## [Work instructions]
From the line containing "Tame Pet: 1" through the last line of the data, both ends included, write out every line exactly; omit the pictures.

## [Data excerpt]
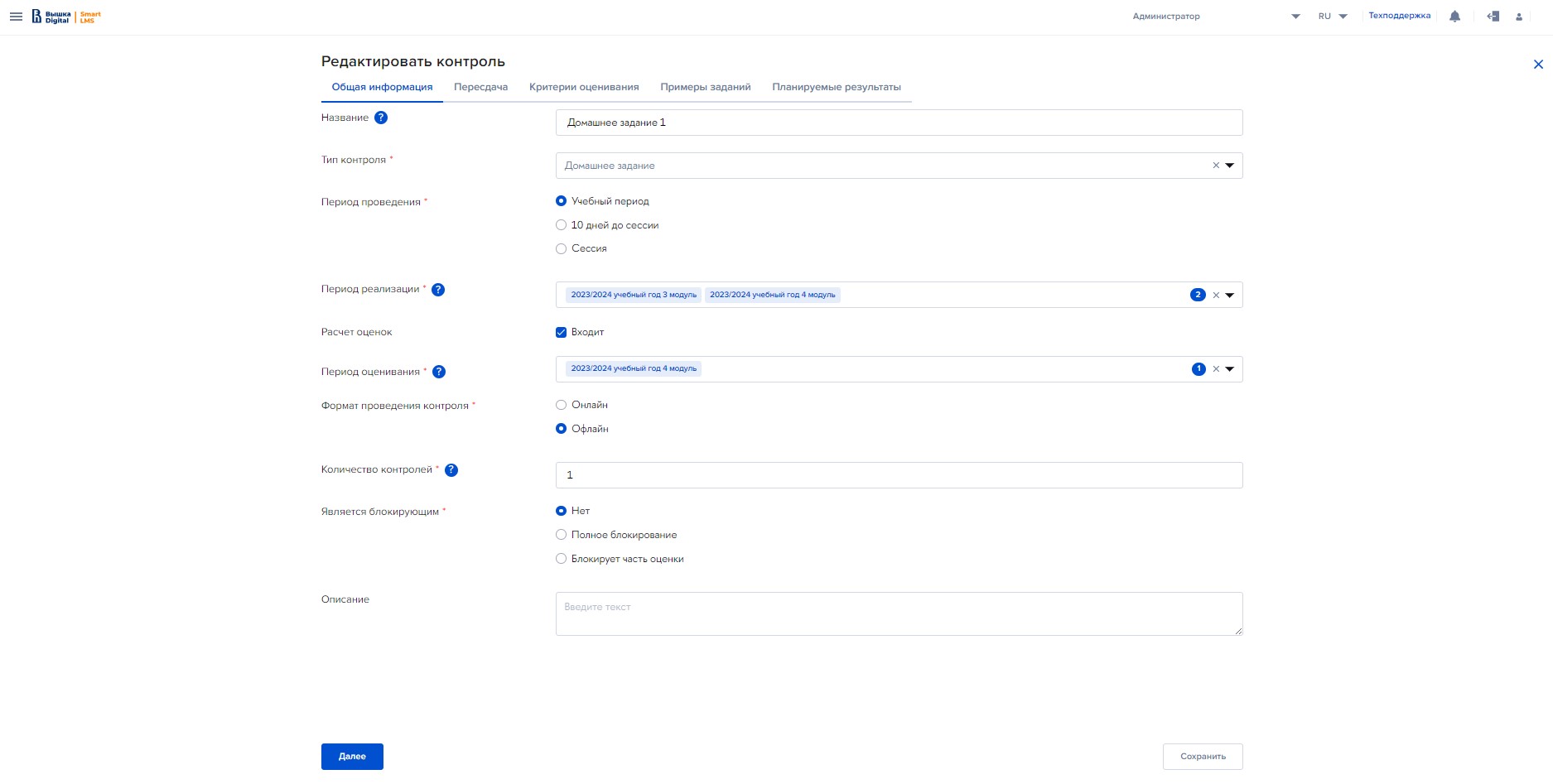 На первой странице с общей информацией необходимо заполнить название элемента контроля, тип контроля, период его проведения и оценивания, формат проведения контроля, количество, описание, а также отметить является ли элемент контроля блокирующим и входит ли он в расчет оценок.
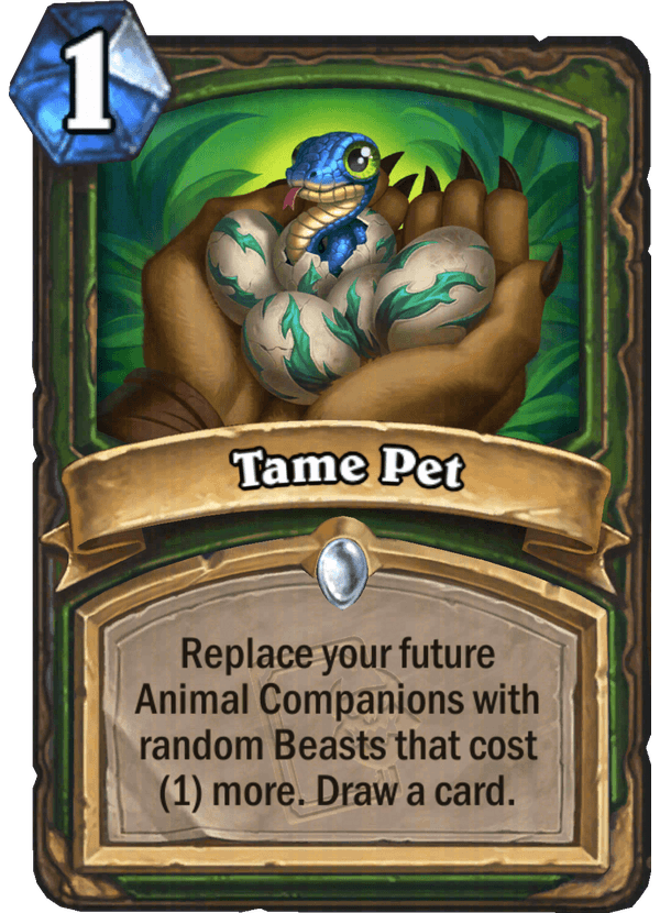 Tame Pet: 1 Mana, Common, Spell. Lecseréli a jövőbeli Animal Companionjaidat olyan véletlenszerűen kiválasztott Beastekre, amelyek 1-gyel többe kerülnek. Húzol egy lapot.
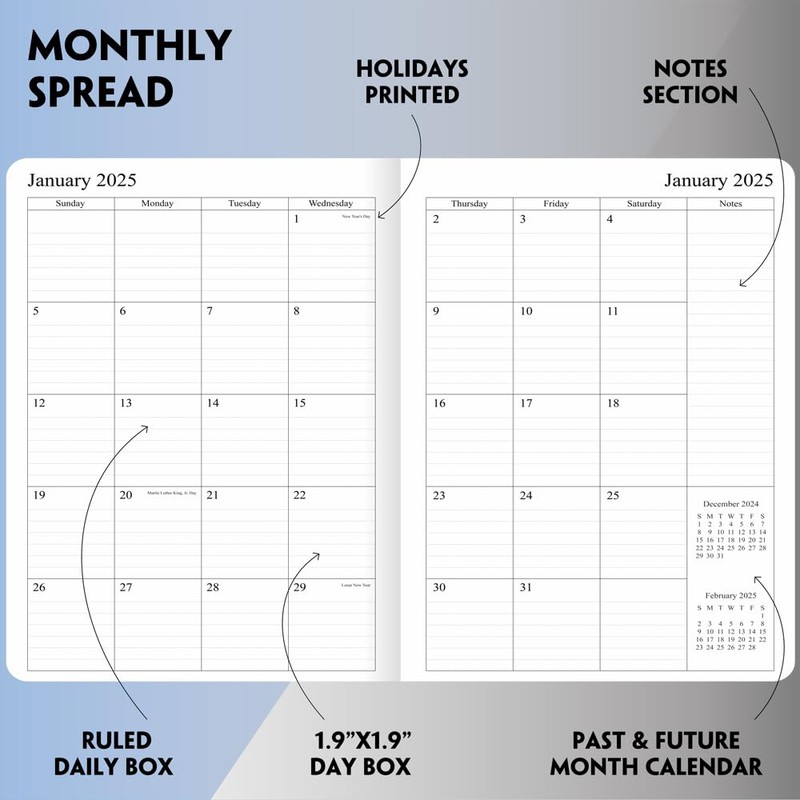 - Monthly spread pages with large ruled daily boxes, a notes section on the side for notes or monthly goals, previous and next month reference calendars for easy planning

## [Result]
 Tame Pet: 1 Mana, Common, Spell. Lecseréli a jövőbeli Animal Companionjaidat olyan véletlenszerűen kiválasztott Beastekre, amelyek 1-gyel többe kerülnek. Húzol egy lapot.
 - Monthly spread pages with large ruled daily boxes, a notes section on the side for notes or monthly goals, previous and next month reference calendars for easy planning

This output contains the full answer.